In a compound microscope an object is placed at a distance of L5 em from the objective of focal length 125 cm, If the eye-piece has a focal length of 5 em and the final image is formed at the near point, find the magnifying power of the microscope.

Question: In a compound microscope an object is placed at a distance of L5 em from the objective of focal length 125 cm, If the eye-piece has a focal length of 5 em and the final image is formed at the near point, find the magnifying power of the microscope.

The correct answer is –

The magnifying power of a compound microscope is given by the formula:

M = (angular magnification due to objective) x (angular magnification due to eyepiece)

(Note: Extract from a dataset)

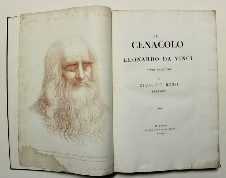 In folio (mm 446x305). Occhiello, pp. 263, (1), con un ritratto di Leonardo all'antiporta in sanguigna e 6 splendide tavv. f.t., alcune tirate in sanguigna, tratte da disegni leonardeschi ed inc. in rame da G. Benaglia e G. Longhi, Francesco Rosaspina, ad ampi margini e parzialmente in barbe; pagg. 8 bianche. Mezzo marocchino rosso dell'inizio del XX secolo, titoli in oro al dorso con cinque nervi. Copia ad ampi margini di questa celebre edizione originale illustrata di argomento leonardesco. Opera fondamentale sulla storiografia di Leonardo e della sua arte, che analizza con rigore e completezza il celebre affresco milanese. Artista poliedrico e raffinato collezionista, Giuseppe Bossi (1777-1815), dopo aver realizzato una replica del Cenacolo per Eugène de Beauharnais, redasse questa monumentale opera, documentando ogni aspetto del dipinto e registrando con precisione gli interventi di restauro subiti nel tempo. Il libro divenne un'opera di riferimento per i viaggiatori europei, contribuendo a rendere la visita al Cenacolo una tappa imprescindibile del Grand Tour tanto che sia Stendhal che Goethe ne possedevano una copia. Quest'opera è frutto di lunghi studi che il Bossi fece sul Cenacolo, quando il Vicerè d'Italia Eugenio Beauharnais di gli commise di eseguirne una copia. Opera certamente importante anche dal lato bibliografico per la vasta menzione degli autori che hanno trattato l'argomento a partire dal Pacioli. Esemplare molto bello, ben conservato, su carta distinta con marca d'acqua. Ottimo esemplare (piccola macchia al margine inferiore delle prime due carte, sporadiche fioriture).<BR>Opera fondamentale sulla storiografia di Leonardo e della sua arte, che analizza con rigore e completezza il celebre affresco milanese. Artista poliedrico e raffinato collezionista, Giuseppe Bossi (1777-1815), dopo aver realizzato una replica del Cenacolo per Eugène de Beauharnais, redasse questa monumentale opera, documentando ogni aspetto del dipinto e registrando con precisione gli interventi di restauro subiti nel tempo. Il libro divenne un'opera di riferimento per i viaggiatori europei, contribuendo a rendere la visita al Cenacolo una tappa imprescindibile del Grand Tour tanto che sia Stendhal che Goethe ne possedevano una copia. Opera certamente importante anche dal lato bibliografico per la vasta menzione degli autori che hanno trattato l'argomento a partire dal Pacioli. Esemplare molto bello, ben conservato, su carta distinta con marca d'acqua, con piccola macchia al margine inferiore delle prime due carte, sporadiche fioriture<BR>Cfr. Predari, p. 426; Brunet, I, 1129; Cicognara, 3373; Parenti "Rarità bibliografiche dell'800", IV, 289/290; Cat. Hoepli, 1192: "monumento mirabile di erudizione e di critica". <BR><BR>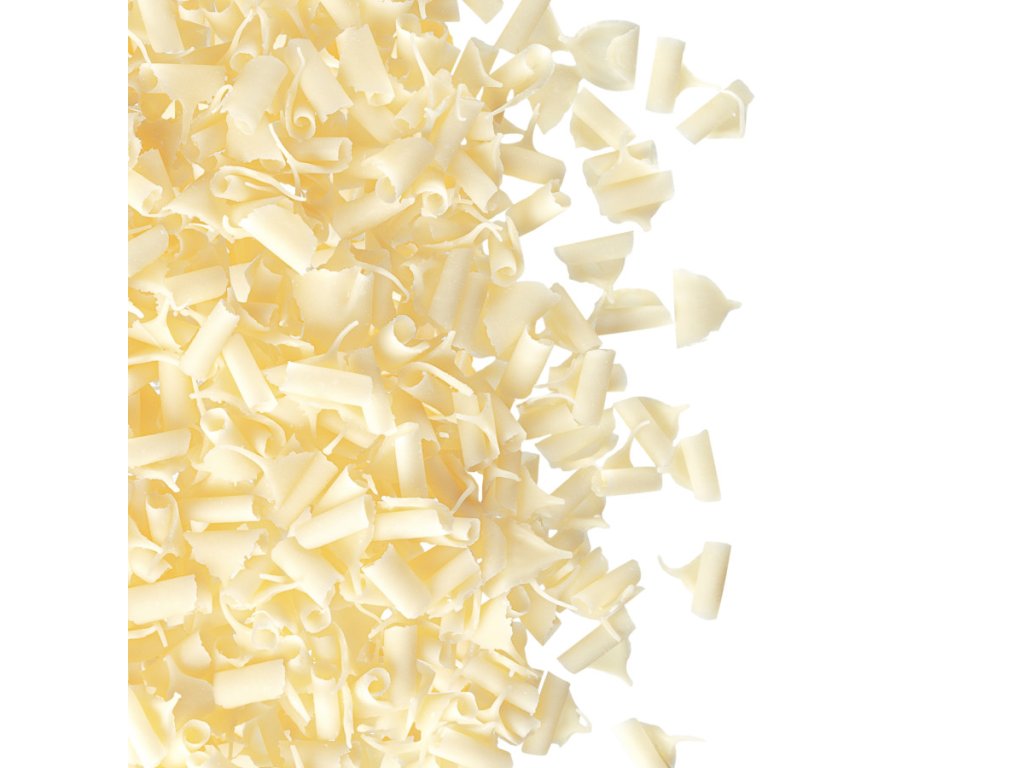 Ozdoba z kvalitnej bielej čokolády v podobe precízne vyrobených hoblín veľkosti 9 x 5 mm. Ľahké a nadčasové hoblín sú nevyhnutnosťou každého cukrára, poskytujú praktickú a cenovo výhodnú povrchovú úpravu dezertov alebo sú skvelou prísadou do krémov a náplní.

where angular magnification due to objective is given by:

M_o = (25 cm)/(f_o)

and angular magnification due to eyepiece is given by:

M_e = (f_e)/(25 cm)

where f_o and f_e are the focal lengths of the objective and eyepiece, respectively.

First, let’s calculate the angular magnification due to the objective:

M_o = (25 cm)/(f_o) = (25 cm)/(125 cm) = 0.2

Next, let’s calculate the angular magnification due to the eyepiece:

M_e = (f_e)/(25 cm) = (5 cm)/(25 cm) = 0.2

Now, we can calculate the magnifying power of the microscope:

M = (angular magnification due to objective) x (angular magnification due to eyepiece) = M_o x M_e = 0.2 x 0.2 = 0.04

Therefore, the magnifying power of the microscope is 0.04.